**REQUIRED WORK**
Print back each record unchanged, without pictures.
:::
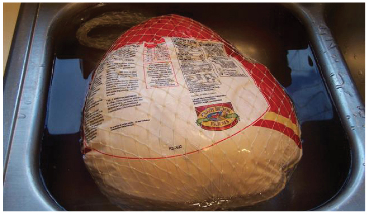 2) Để rút thời gian tan đá nhanh hơn, bạn cho Gà Tây vẫn còn nguyên trong package nilon vào một thau nhôm hay vào Sink, nhớ là để phần ức gà nằm dưới, rồi đổ ngập nước lạnh lên thân gà. Cứ mỗi 30 phút, bạn đổ nước cũ đi và thay vào nước lạnh mới. Với cách này, gà sẽ tan đá trung bình 1 lb mỗi 30 phút. Như vậy với 1 con gà nặng khoảng 12 lbs, sẽ mất bạn 6 tiếng đồng hồ để tan đá. Con gà 15-16 lbs, sẽ mất bạn 7.5 đến 8 giờ đồng hồ để tan đá.
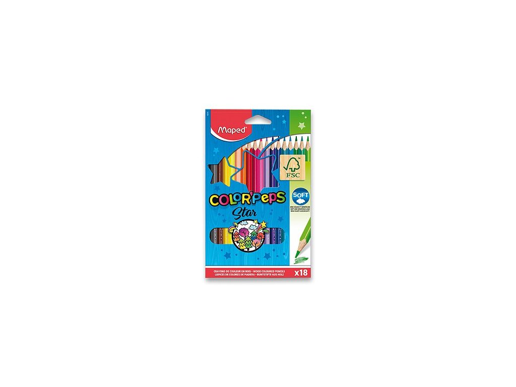 Souprava 18 kusů pastelek s veselým designem. Ergonomické pastelky Maped Color'Peps mají trojhranné tělo, měkkou odolnou tuhu a jasné barvy. Délka pastelky cca 17 cm. Tloušťka tuhy 2,9 mm.
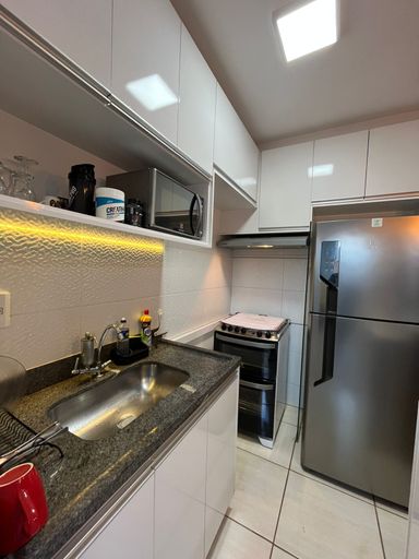 Oportunidade! Apartamento térreo com 55m², 2 quartos com armários planejados, banheiro moderno com box e espelho, sala aconchegante, cozinha planejada com coifa, lavanderia e varanda, 1 vaga coberta. Prédio com elevador. Condomínio completo com 6 blocos, área de lazer com churrasqueira e até mini mercado.! Ideal para quem busca conforto, praticidade e ótimo custo-benefício!
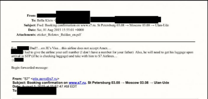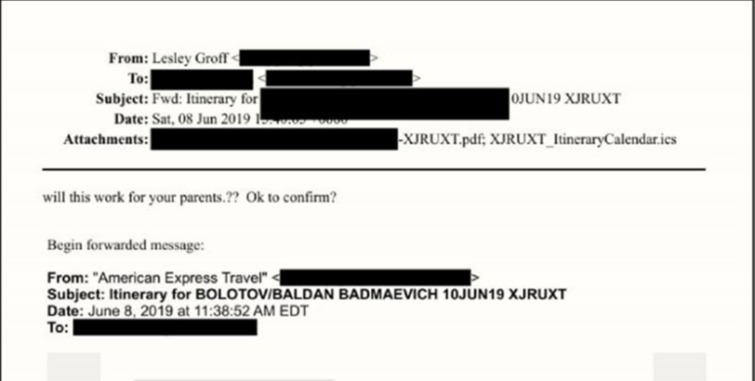 Эпштейнийн баруун гар, хувийн туслах Лесли Грофф хоёрын захидал харилцааг олон тооны бичиг баримт илрүүлжээ. Балдан Болотов гэдэг зорчигчид онгоцны тийз яаралтай худалдаж авах тухай яриа өрнөсөн байв. 2015 оны наймдугаар сарын 1-ний өдрийн захидалдаа Грофф хөрөнгийн эх үүсвэрийг зааж өгсөн "JE Visa карт руу ... энэ агаарын тээврийн компани Amex-ийг хүлээн авахгүй". JE бол Жеффри Эпштейн юм. Түүний хувийн Visa картаар Москва-Улан-Үд чиглэлийн S7-115 нислэгийн төлбөрийг хийжээ. Саятны туслахууд S7 Airlines компанийн Оросын захиалгын систем гүйлгээг хаасантай тулгарсан. Агаарын тээврийн компанийн хамгаалалтын алба Буриад руу явах тийзний төлбөрийг Америкийн санхүүчийн картаар хийсэн нь сэжигтэй гэж үзэж, карт эзэмшигчийн паспортыг сканнердахыг шаардсан байна.
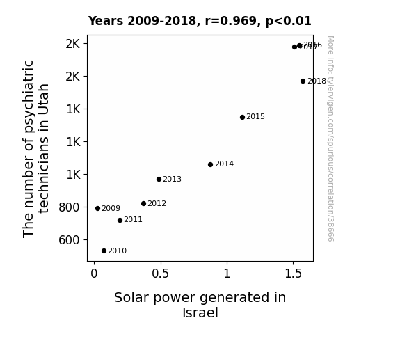 This means 93.8% of the change in the one variable (i.e., Solar power generated in Israel) is predictable based on the change in the other (i.e., The number of psychiatric technicians in Utah) over the 10 years from 2009 through 2018.
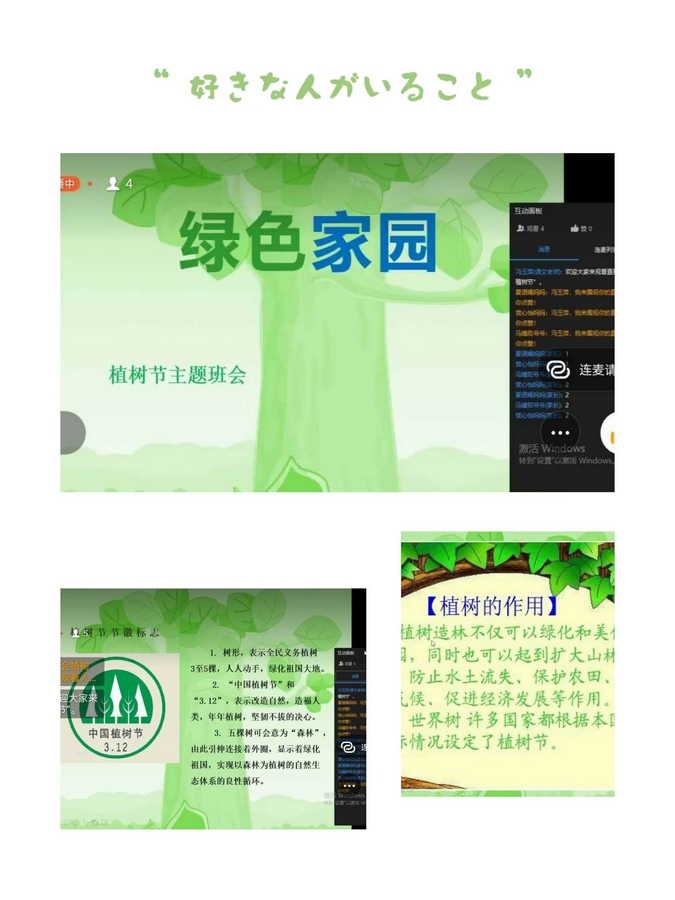 各班班主任在线开展班会课,在班会上同学们不仅了解了植树节的由来及意义,还深刻地认识到植树与环保的关系。班主任们不仅给学生们现场演示如何培育绿色植物,而且提倡大家进行环保创意手工小制作,争当环保小志愿者。
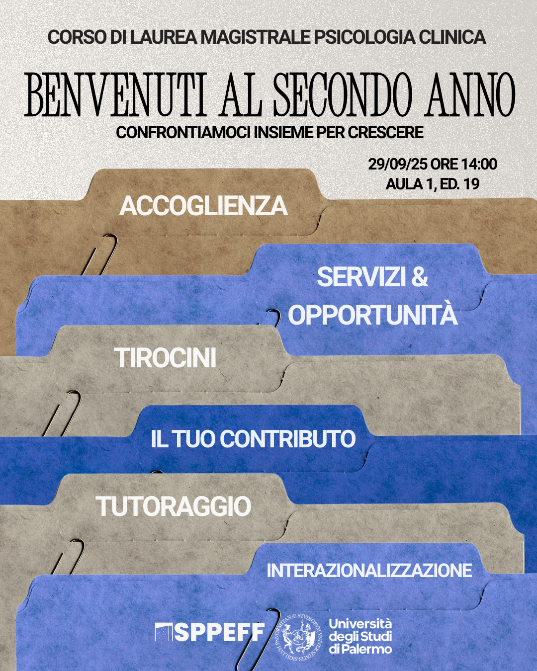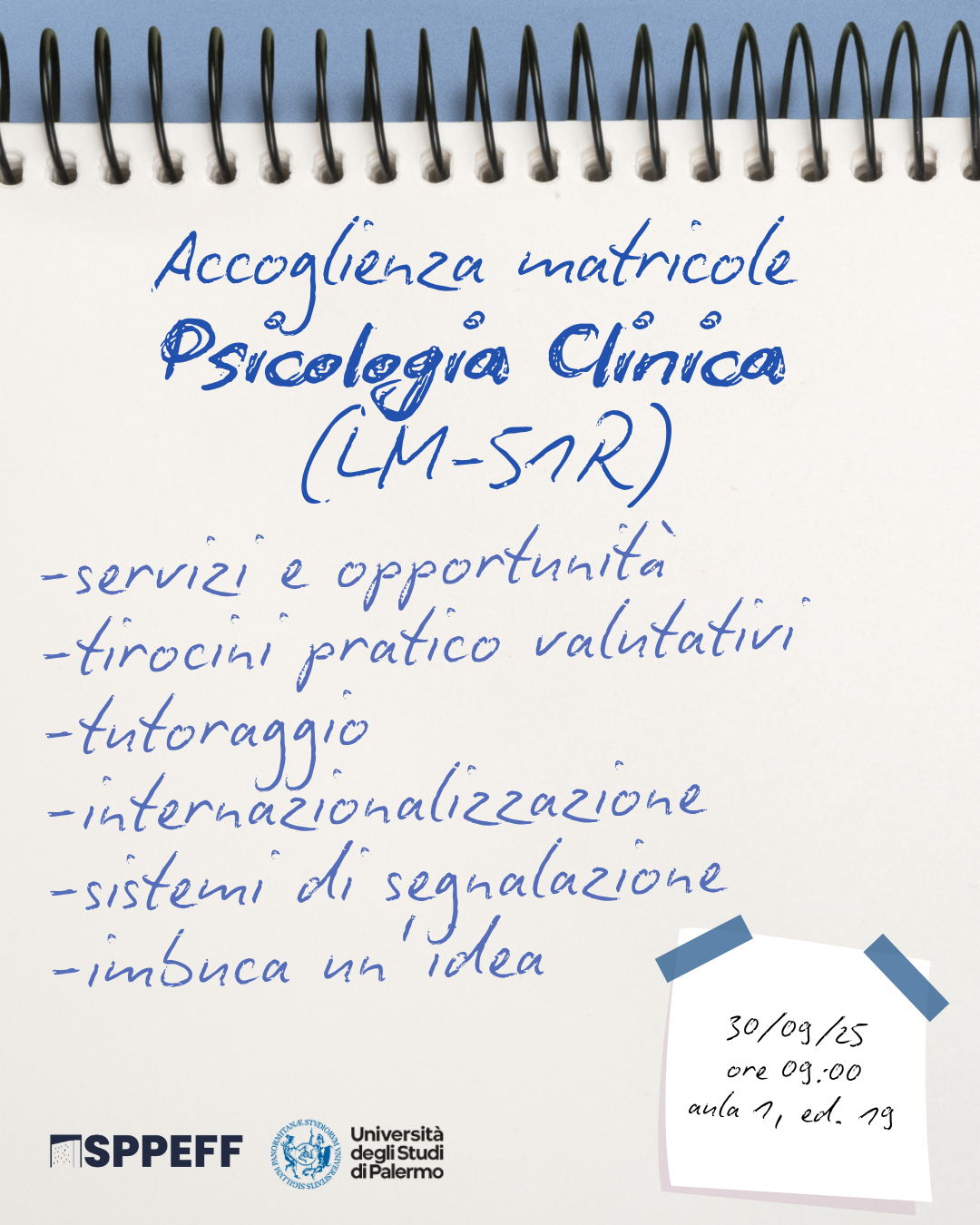 Si comunica che lunedì 29 (ore 14.00) e martedì 30 settembre (ore 9.00), la Coordinatrice del CdS, la delegata all'Orientamento, le commissioni AQ e CPDS incontreranno gli studenti per un benvenuto e per illustrare le opportunità di partecipazione attiva alla vita del CdS e le risorse di cui dispongono.
:::
**SOLVED EXERCISE**
 2) Để rút thời gian tan đá nhanh hơn, bạn cho Gà Tây vẫn còn nguyên trong package nilon vào một thau nhôm hay vào Sink, nhớ là để phần ức gà nằm dưới, rồi đổ ngập nước lạnh lên thân gà. Cứ mỗi 30 phút, bạn đổ nước cũ đi và thay vào nước lạnh mới. Với cách này, gà sẽ tan đá trung bình 1 lb mỗi 30 phút. Như vậy với 1 con gà nặng khoảng 12 lbs, sẽ mất bạn 6 tiếng đồng hồ để tan đá. Con gà 15-16 lbs, sẽ mất bạn 7.5 đến 8 giờ đồng hồ để tan đá.
 Souprava 18 kusů pastelek s veselým designem. Ergonomické pastelky Maped Color'Peps mají trojhranné tělo, měkkou odolnou tuhu a jasné barvy. Délka pastelky cca 17 cm. Tloušťka tuhy 2,9 mm.
 Oportunidade! Apartamento térreo com 55m², 2 quartos com armários planejados, banheiro moderno com box e espelho, sala aconchegante, cozinha planejada com coifa, lavanderia e varanda, 1 vaga coberta. Prédio com elevador. Condomínio completo com 6 blocos, área de lazer com churrasqueira e até mini mercado.! Ideal para quem busca conforto, praticidade e ótimo custo-benefício!
 Эпштейнийн баруун гар, хувийн туслах Лесли Грофф хоёрын захидал харилцааг олон тооны бичиг баримт илрүүлжээ. Балдан Болотов гэдэг зорчигчид онгоцны тийз яаралтай худалдаж авах тухай яриа өрнөсөн байв. 2015 оны наймдугаар сарын 1-ний өдрийн захидалдаа Грофф хөрөнгийн эх үүсвэрийг зааж өгсөн "JE Visa карт руу ... энэ агаарын тээврийн компани Amex-ийг хүлээн авахгүй". JE бол Жеффри Эпштейн юм. Түүний хувийн Visa картаар Москва-Улан-Үд чиглэлийн S7-115 нислэгийн төлбөрийг хийжээ. Саятны туслахууд S7 Airlines компанийн Оросын захиалгын систем гүйлгээг хаасантай тулгарсан. Агаарын тээврийн компанийн хамгаалалтын алба Буриад руу явах тийзний төлбөрийг Америкийн санхүүчийн картаар хийсэн нь сэжигтэй гэж үзэж, карт эзэмшигчийн паспортыг сканнердахыг шаардсан байна.
 This means 93.8% of the change in the one variable (i.e., Solar power generated in Israel) is predictable based on the change in the other (i.e., The number of psychiatric technicians in Utah) over the 10 years from 2009 through 2018.
 各班班主任在线开展班会课,在班会上同学们不仅了解了植树节的由来及意义,还深刻地认识到植树与环保的关系。班主任们不仅给学生们现场演示如何培育绿色植物,而且提倡大家进行环保创意手工小制作,争当环保小志愿者。
 Si comunica che lunedì 29 (ore 14.00) e martedì 30 settembre (ore 9.00), la Coordinatrice del CdS, la delegata all'Orientamento, le commissioni AQ e CPDS incontreranno gli studenti per un benvenuto e per illustrare le opportunità di partecipazione attiva alla vita del CdS e le risorse di cui dispongono.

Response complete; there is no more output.